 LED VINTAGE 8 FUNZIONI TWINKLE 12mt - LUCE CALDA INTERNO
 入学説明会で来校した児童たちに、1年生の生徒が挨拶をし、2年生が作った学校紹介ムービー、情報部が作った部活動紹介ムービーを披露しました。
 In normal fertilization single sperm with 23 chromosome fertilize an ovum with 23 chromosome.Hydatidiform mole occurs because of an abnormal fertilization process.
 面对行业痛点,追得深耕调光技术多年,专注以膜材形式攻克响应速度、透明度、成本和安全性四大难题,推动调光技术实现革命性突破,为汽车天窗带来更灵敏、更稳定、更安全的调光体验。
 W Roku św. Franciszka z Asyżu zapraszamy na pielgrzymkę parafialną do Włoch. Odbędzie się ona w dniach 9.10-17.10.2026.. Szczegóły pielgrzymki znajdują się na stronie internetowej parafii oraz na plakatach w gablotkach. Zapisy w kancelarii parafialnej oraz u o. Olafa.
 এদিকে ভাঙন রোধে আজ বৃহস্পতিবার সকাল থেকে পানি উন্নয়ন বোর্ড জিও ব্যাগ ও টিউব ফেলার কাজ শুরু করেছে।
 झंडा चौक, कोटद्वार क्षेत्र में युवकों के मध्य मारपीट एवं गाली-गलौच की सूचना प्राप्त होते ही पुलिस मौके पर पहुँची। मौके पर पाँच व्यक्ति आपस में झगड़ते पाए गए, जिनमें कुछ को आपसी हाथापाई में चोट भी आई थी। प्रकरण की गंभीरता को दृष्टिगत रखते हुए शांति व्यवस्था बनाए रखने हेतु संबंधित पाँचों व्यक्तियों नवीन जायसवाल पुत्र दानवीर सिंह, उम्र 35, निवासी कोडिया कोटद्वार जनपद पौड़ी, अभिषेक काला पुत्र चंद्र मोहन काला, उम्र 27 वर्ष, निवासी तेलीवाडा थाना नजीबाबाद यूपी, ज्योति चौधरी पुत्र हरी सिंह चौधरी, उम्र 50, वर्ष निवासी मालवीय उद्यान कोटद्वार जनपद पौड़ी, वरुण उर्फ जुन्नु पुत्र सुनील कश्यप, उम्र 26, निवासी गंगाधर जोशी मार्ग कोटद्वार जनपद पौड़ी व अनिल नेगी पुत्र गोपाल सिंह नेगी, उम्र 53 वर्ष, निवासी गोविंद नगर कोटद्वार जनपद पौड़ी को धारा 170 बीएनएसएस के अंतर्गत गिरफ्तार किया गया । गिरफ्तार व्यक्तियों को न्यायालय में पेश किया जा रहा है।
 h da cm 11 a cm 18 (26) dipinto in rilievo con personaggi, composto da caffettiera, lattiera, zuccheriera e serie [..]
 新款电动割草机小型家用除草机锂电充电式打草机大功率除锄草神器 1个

________________

» Aim of the task
Among the entries above, find the line with "入学説明会で来校した児童たち" and the line with "面对行业痛点,追得深耕调光技"; give again exactly these two lines and all lines between them.

» Solution
 入学説明会で来校した児童たちに、1年生の生徒が挨拶をし、2年生が作った学校紹介ムービー、情報部が作った部活動紹介ムービーを披露しました。
 In normal fertilization single sperm with 23 chromosome fertilize an ovum with 23 chromosome.Hydatidiform mole occurs because of an abnormal fertilization process.
 面对行业痛点,追得深耕调光技术多年,专注以膜材形式攻克响应速度、透明度、成本和安全性四大难题,推动调光技术实现革命性突破,为汽车天窗带来更灵敏、更稳定、更安全的调光体验。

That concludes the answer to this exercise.